## Records provided:
'''
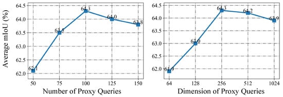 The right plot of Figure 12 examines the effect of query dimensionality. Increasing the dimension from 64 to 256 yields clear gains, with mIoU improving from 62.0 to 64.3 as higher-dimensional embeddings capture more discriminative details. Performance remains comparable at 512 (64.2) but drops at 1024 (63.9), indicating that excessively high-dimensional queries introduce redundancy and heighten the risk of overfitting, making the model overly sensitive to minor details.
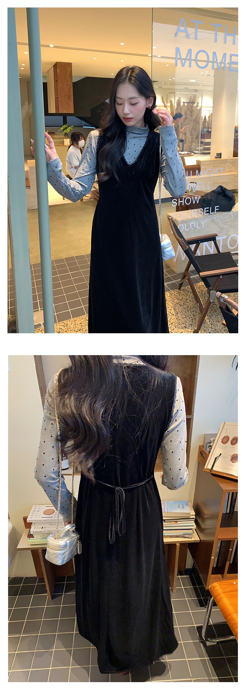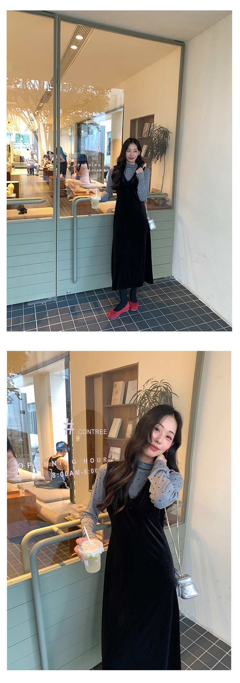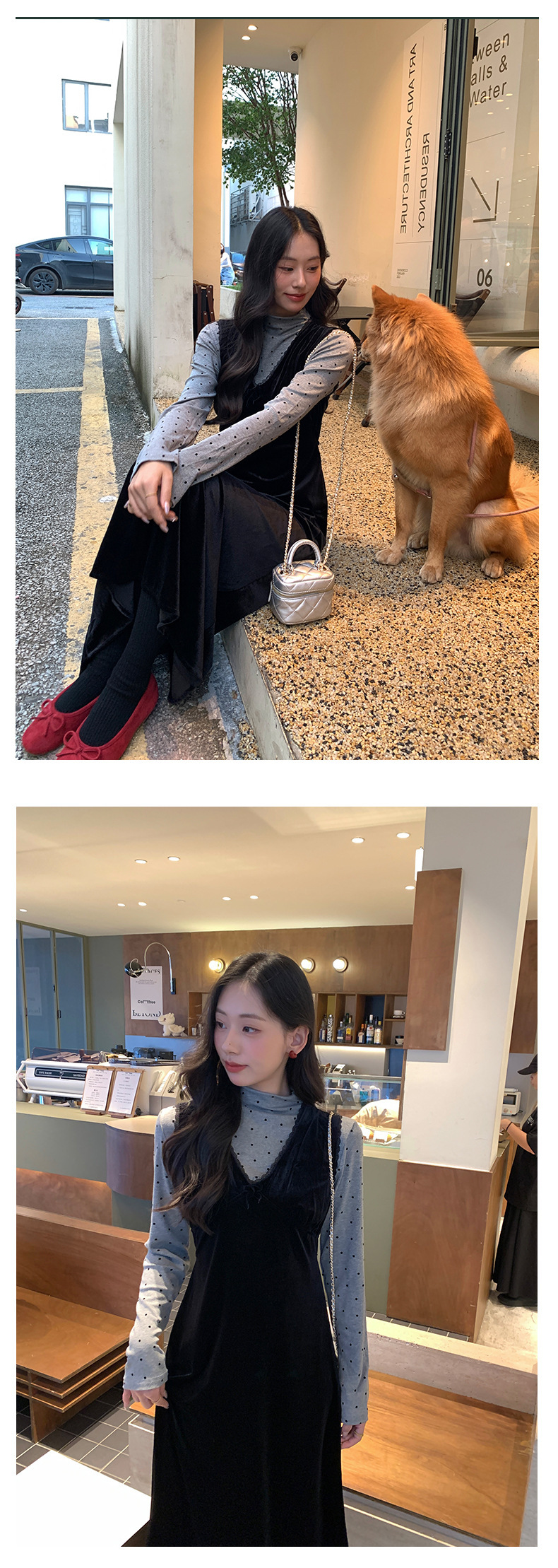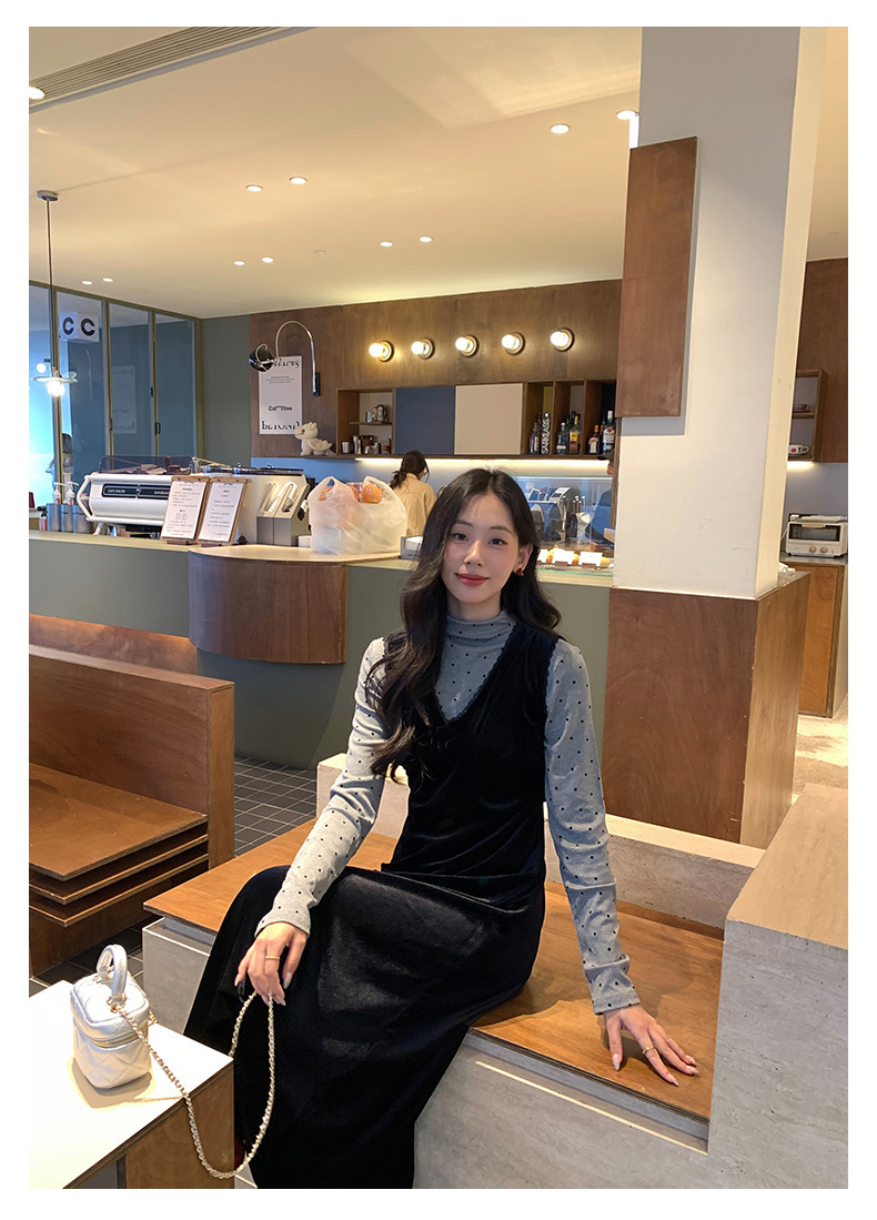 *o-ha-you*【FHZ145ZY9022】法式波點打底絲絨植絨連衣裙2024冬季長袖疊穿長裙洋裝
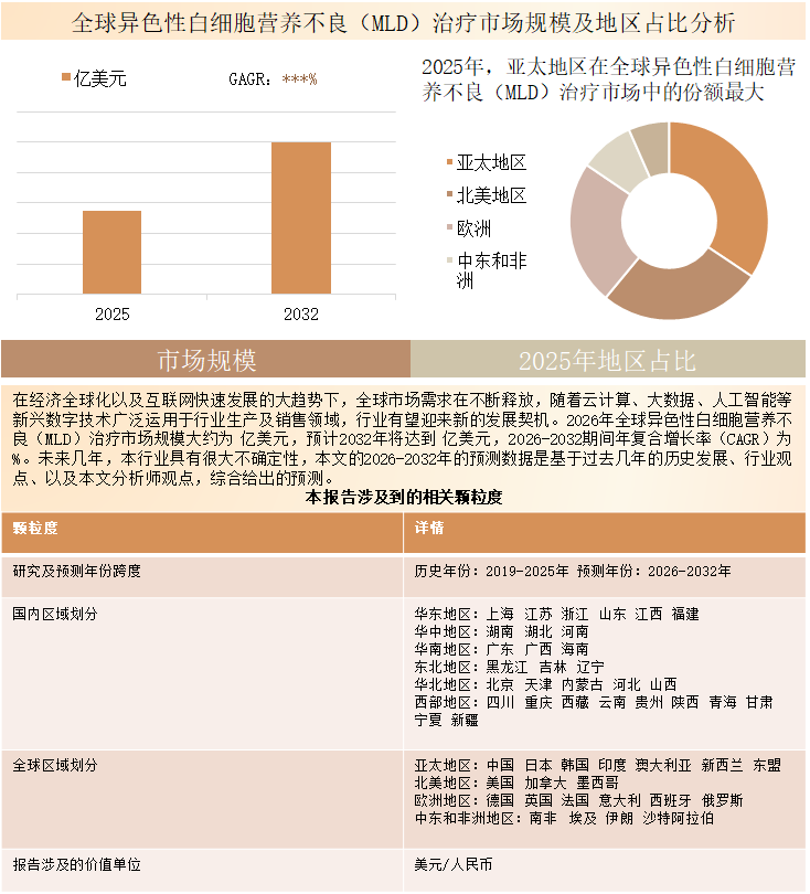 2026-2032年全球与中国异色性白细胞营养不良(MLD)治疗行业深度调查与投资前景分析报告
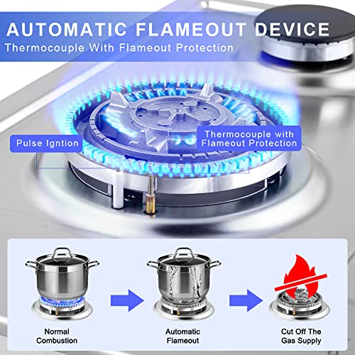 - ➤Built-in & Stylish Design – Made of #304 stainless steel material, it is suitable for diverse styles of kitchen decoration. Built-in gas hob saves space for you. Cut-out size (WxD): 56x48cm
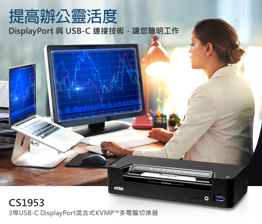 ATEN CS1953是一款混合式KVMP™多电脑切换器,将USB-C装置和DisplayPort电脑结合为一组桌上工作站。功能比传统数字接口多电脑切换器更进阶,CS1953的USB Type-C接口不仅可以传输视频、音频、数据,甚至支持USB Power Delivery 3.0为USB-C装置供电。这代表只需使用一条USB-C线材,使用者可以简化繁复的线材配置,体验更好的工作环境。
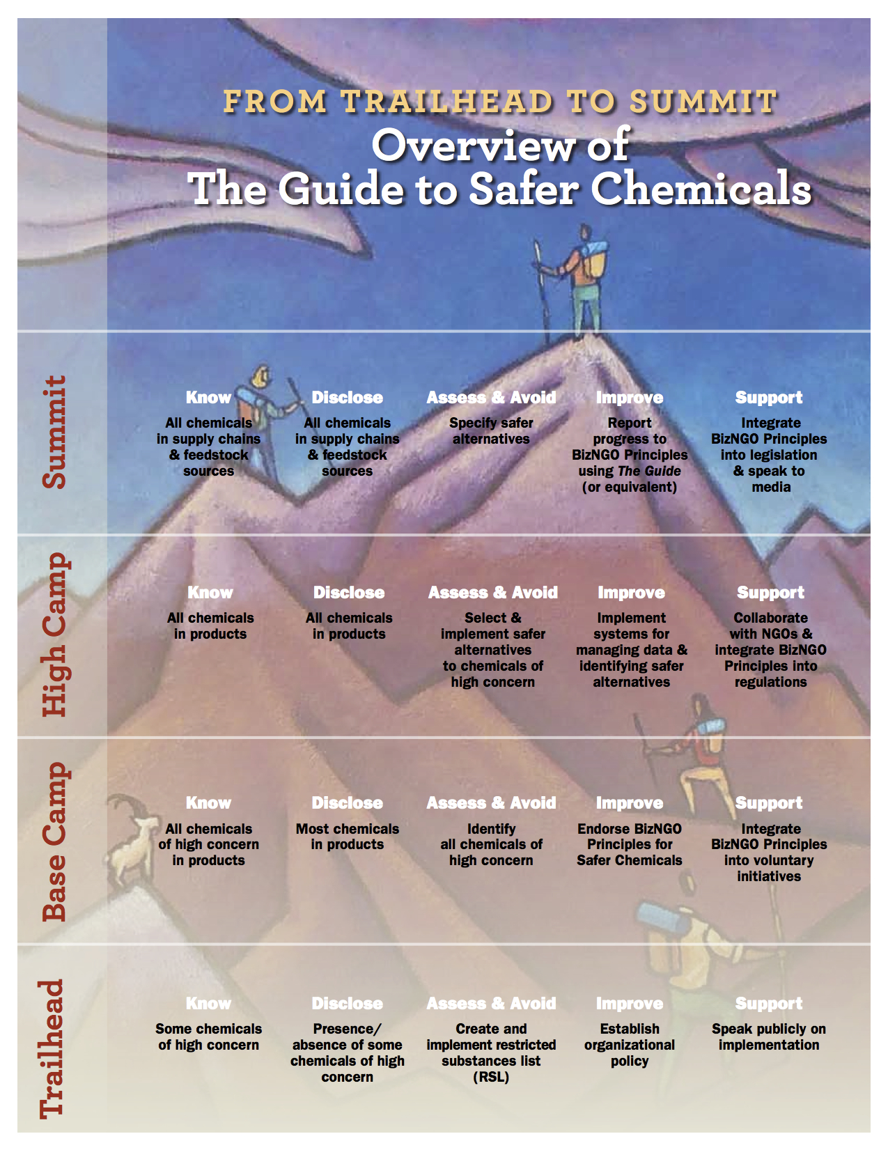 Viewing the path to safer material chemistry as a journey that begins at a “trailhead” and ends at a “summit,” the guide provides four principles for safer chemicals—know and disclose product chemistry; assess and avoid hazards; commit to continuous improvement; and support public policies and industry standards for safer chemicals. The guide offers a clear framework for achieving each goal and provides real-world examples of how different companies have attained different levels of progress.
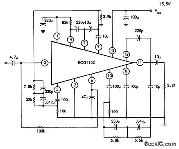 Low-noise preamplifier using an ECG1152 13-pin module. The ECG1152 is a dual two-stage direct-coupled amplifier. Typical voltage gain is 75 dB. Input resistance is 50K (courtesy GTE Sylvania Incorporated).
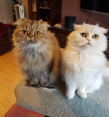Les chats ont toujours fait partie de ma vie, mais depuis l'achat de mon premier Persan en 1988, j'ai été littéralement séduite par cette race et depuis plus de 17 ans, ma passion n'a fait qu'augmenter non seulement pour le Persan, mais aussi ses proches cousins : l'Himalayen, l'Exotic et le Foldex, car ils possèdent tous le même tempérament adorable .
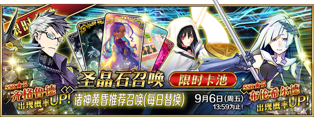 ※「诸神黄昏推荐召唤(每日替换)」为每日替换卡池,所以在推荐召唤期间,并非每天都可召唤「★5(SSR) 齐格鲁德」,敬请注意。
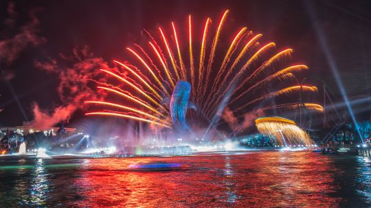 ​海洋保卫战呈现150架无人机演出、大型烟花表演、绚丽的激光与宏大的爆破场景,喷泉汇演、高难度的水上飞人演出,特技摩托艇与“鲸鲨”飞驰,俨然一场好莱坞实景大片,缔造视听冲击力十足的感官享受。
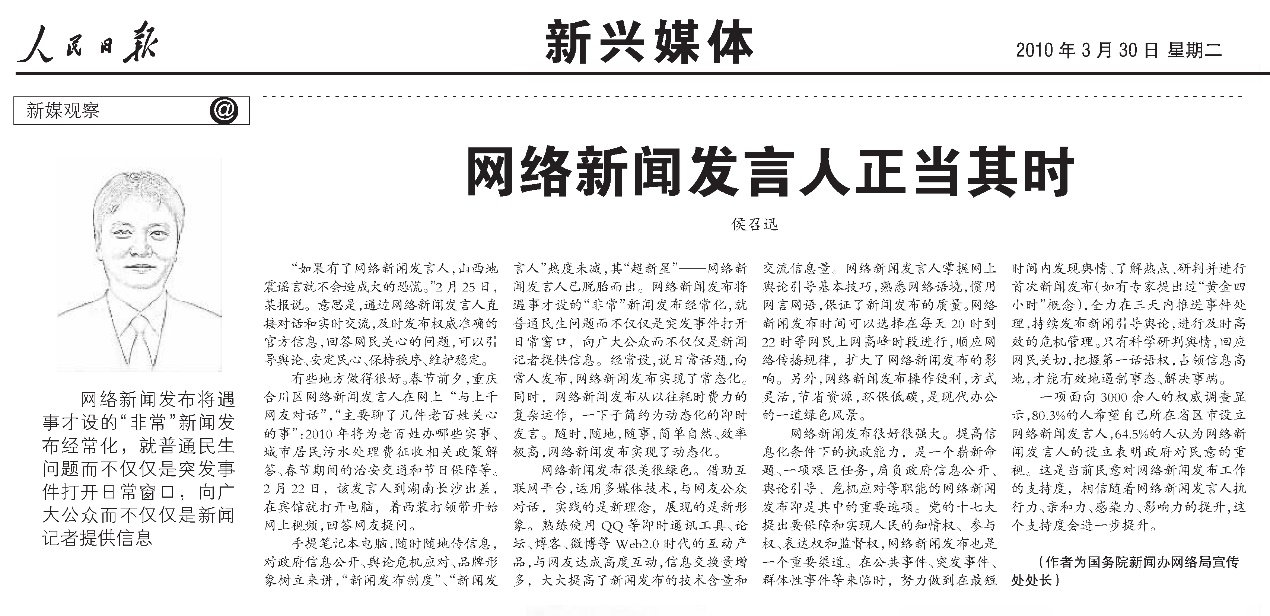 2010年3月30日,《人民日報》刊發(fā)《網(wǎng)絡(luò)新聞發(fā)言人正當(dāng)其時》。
'''
## Task:
Please copy the data above exactly, omitting the pictures.

## Output for this exercise:
 The right plot of Figure 12 examines the effect of query dimensionality. Increasing the dimension from 64 to 256 yields clear gains, with mIoU improving from 62.0 to 64.3 as higher-dimensional embeddings capture more discriminative details. Performance remains comparable at 512 (64.2) but drops at 1024 (63.9), indicating that excessively high-dimensional queries introduce redundancy and heighten the risk of overfitting, making the model overly sensitive to minor details.
 *o-ha-you*【FHZ145ZY9022】法式波點打底絲絨植絨連衣裙2024冬季長袖疊穿長裙洋裝
 2026-2032年全球与中国异色性白细胞营养不良(MLD)治疗行业深度调查与投资前景分析报告
 - ➤Built-in & Stylish Design – Made of #304 stainless steel material, it is suitable for diverse styles of kitchen decoration. Built-in gas hob saves space for you. Cut-out size (WxD): 56x48cm
 ATEN CS1953是一款混合式KVMP™多电脑切换器,将USB-C装置和DisplayPort电脑结合为一组桌上工作站。功能比传统数字接口多电脑切换器更进阶,CS1953的USB Type-C接口不仅可以传输视频、音频、数据,甚至支持USB Power Delivery 3.0为USB-C装置供电。这代表只需使用一条USB-C线材,使用者可以简化繁复的线材配置,体验更好的工作环境。
 Viewing the path to safer material chemistry as a journey that begins at a “trailhead” and ends at a “summit,” the guide provides four principles for safer chemicals—know and disclose product chemistry; assess and avoid hazards; commit to continuous improvement; and support public policies and industry standards for safer chemicals. The guide offers a clear framework for achieving each goal and provides real-world examples of how different companies have attained different levels of progress.
 Low-noise preamplifier using an ECG1152 13-pin module. The ECG1152 is a dual two-stage direct-coupled amplifier. Typical voltage gain is 75 dB. Input resistance is 50K (courtesy GTE Sylvania Incorporated).
Les chats ont toujours fait partie de ma vie, mais depuis l'achat de mon premier Persan en 1988, j'ai été littéralement séduite par cette race et depuis plus de 17 ans, ma passion n'a fait qu'augmenter non seulement pour le Persan, mais aussi ses proches cousins : l'Himalayen, l'Exotic et le Foldex, car ils possèdent tous le même tempérament adorable .
 ※「诸神黄昏推荐召唤(每日替换)」为每日替换卡池,所以在推荐召唤期间,并非每天都可召唤「★5(SSR) 齐格鲁德」,敬请注意。
 ​海洋保卫战呈现150架无人机演出、大型烟花表演、绚丽的激光与宏大的爆破场景,喷泉汇演、高难度的水上飞人演出,特技摩托艇与“鲸鲨”飞驰,俨然一场好莱坞实景大片,缔造视听冲击力十足的感官享受。
 2010年3月30日,《人民日報》刊發(fā)《網(wǎng)絡(luò)新聞發(fā)言人正當(dāng)其時》。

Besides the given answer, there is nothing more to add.